What follows is a voyage of self-discovery as Gaby navigates her post-breakup woes. She admits to Nathan, before he scuttles away, that she’s an irritating person, but while recognizing that she needs to work on her personality, at a gathering at her best friend Amanda’s (Susan Kent), she crisply admonishes one of Amanda’s two tykes for touching the food, and argues with another woman (Kristin Olivia Taylor) about having children at all.
At the same time she throws herself into the dating pool. She tries blind dates and speed dating, to no avail. She joins a softball team to meet guys, only to be berated by a male player when she ignores a fly ball while looking him over. She eyes a chiropractor without success. Nothing seems to work.
And yet despite fears of spinsterthood—she remembers an elderly aunt who died in her bathtub—Gaby finds hopeful signs over the next year that make her question whether living alone is such a bad idea after all. Her considerate father Jack (Bill Carr) hesitantly offers her cash to balance what’s he’s given to her married siblings, and she seizes on the gift to realize her dream of opening a restaurant. While supporting her divorced, morose brother Alex (David Rosetti), who’s nursing a hopeless desire to become a well-paid standup comic, she gets to know her ten-year old niece Adele (Nadia Tonen), and finds that she enjoys spending time with the kid. (Surrogate parenthood is perhaps easier, and more fun.) She connects with Callie (Kate Lynch), an older neighbor who advises her that marriage is not obligatory for every woman. And she adopts a lovable rescue dog called Trudy. What more could she ask for?

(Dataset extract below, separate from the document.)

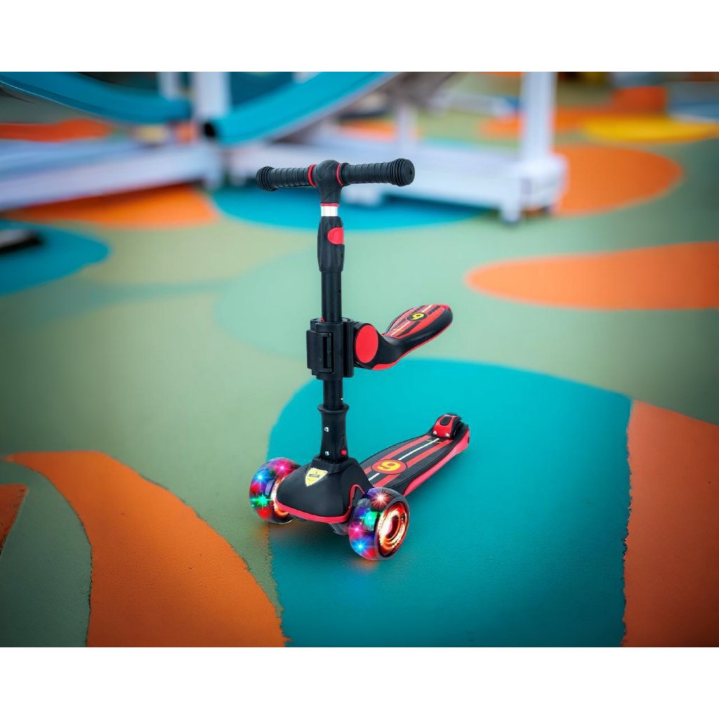 Dětská tříkolová koloběžka Story 2v1 Deluxe se svítícími kolečky mini scooter, černo-červená

Near the close Jennifer Deyell’s script takes a somewhat risky turn when Gaby, out on a hike, runs into a nice guy (Jonathan Watton) who’s lost in the woods, and they have an agreeable conversation. For a moment it seems that romance might blossom and the usual rom-com cycle could materialize after all.
Happily, the film steers away from that easy resolution, leaving Gaby—and us—with the recognition that women who find the single life to their liking shouldn’t be stigmatized as losers or “spinsters.”
That’s a fine message, and the film is pleasant enough in delivering it. And while the cast is a good one and the craft crew (cinematographer Stephanie Web Biran, production designer Michael Pierson, editor Simon Smith and composer Daniel Ledwell) do impressive work, it never transcends the feeling of an extended sitcom, “The Mary Tyler Moore Show” brought up to date. Peretti’s rather blunt performance is part of the problem; Gaby’s right when she admits at the start that she’s irritating, and while Peretti tones that quality down as things progresses, in the end it’s still there to some degree.
So while “Spinster” deserves credit for ditching rom-com cliché, it could have been cleverer and more insightful about it.